Tomatoes (Jan-Feb): Start your transplants indoors or in a small greenhouse. Early Girl, Celebrity and Romas are your staple tomatoes; you need 100 plants of each for the CSA. Heirlooms can add some interest, 100 plants would be a good start. This will give you 4 beds of tomatoes, which will all need to be staked and trained, planted in mid-March and early April. Fertilize each bed with 10 lbs Colloidal Rock Phosphate, 10 lbs organic fertilizer, 2 lbs. Epsom Salt. Mulching with straw would be a good idea.
Sweet Peppers (Jan-Feb): Start your transplants and plan for at least 200 plants or 2 beds. Members really like Bell Peppers like Big Bertha but we also like heirloom varieties like Marconi, Sweet Italia, Banana Peppers and Spanish Spice. Fertilize with 10 lbs. Colloidal Rock Phosphate and 10 lbs. organic fertilizer of your choice. Plant out in the beds after frost in early April. Mulching is preferred.
Eggplant (Jan-Feb): Start your transplants for at least 200 plants or 2 beds. Pingtung Long, Florida High Bush and Rosa Bianca are nice. Fertilize with 10 lbs. Colloidal Rock Phosphate and 10 lbs. organic fertilizer of your choice. Mulching is preferred. Plant out in the beds after frost in early April.
Summer Squash and Zucchini (Mar-June): Direct seed one bed of each, and repeat every two weeks.
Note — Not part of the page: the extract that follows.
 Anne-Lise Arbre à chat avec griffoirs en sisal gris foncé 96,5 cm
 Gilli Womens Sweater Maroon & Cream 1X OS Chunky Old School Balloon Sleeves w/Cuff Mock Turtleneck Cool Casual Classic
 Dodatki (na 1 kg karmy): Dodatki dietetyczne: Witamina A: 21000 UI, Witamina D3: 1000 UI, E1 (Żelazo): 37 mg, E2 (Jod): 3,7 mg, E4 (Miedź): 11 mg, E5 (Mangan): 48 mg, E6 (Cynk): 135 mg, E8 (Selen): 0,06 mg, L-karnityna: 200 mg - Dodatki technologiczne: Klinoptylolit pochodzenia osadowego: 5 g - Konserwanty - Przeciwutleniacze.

You should have at least 6 beds planted at different dates. This helps manage your harvest, and keeps you ahead of the cucumber beetles, squash bugs and other pests. Fertilize with 10 lbs. Colloidal Rock Phosphate and 10 lbs. organic fertilizer of your choice.
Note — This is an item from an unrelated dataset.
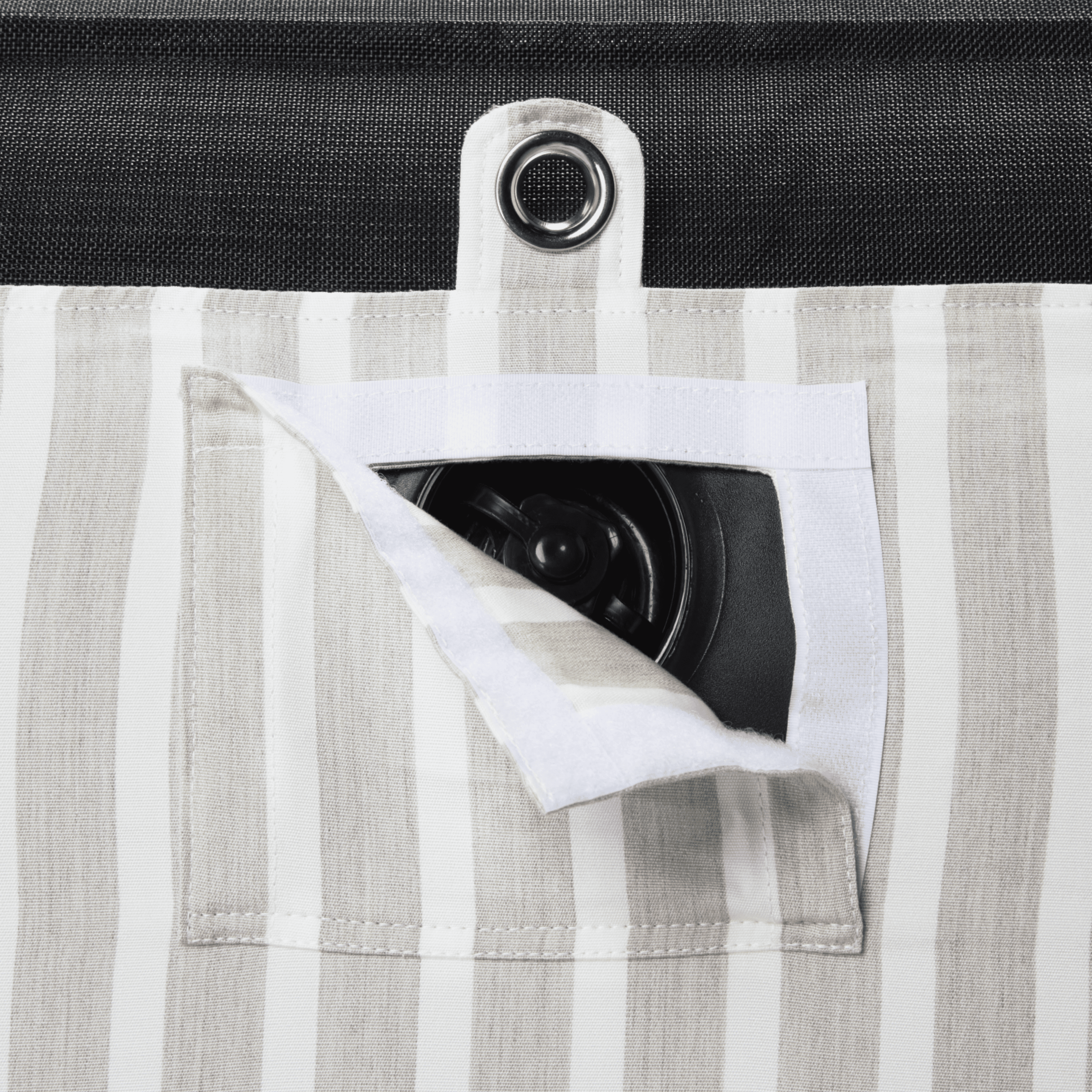 Made with Linen, a beige and white striped canvas weave from Sunbrella®.
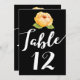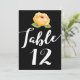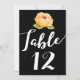 Simple, pero elegante flor de color dorado con hojas verdes en tarjeta de número de mesa negra con tipografía blanca. Ver más en Heart Song Notes aquí en Zazzle.

Cucumbers (Mar-June): Direct seed once a month to have at least 3 beds for the season. Fertilize with 10 lbs. Colloidal Rock Phosphate and 10 lbs. organic fertilizer of your choice. Market More is a good selection. Members also like Asian varieties.
Melons (April-May): Direct seed one row in a bed and thin to one foot apart after germination. Fertilize the same as the previous crops. We recommend 7 to 10 beds total. Try Isreali, Honeydew, and other interesting heirloom varieties. Plan at least a ¼ pound for seed and try to get a late planting in again in July for an early fall harvest. Mulching is recommended if possible.
Herbs and Flowers: Plan at least one bed of cilantro (Feb-Mar), and basil (April-May, transplants could be started in Feb), direct seeding a bed of sunflowers also makes a nice addition to CSA shares.
If you do not have access to a greenhouse the first year, another market grower in the area may have space to start your plants for you. You could supply them with the seed and have it arranged to be ready when you are.
While all this work is happening, you still may need time to recruit your new CSA members. Plan a Farm Day to show prospective new members the garden you are preparing and share the vision. I will discuss Membership fees and agreements in the next issue.
Also, keep in mind; this is your spring/summer field. It would be good to have another 3 ½ acres in a summer cover crop to get ready for the future, try lablab or iron and clay cow peas in sandy soil (20 lbs and acre), then you want to have another ½ acre ready to plant for your fall garden starting in late September.
Grab a seed catalog and start dreaming!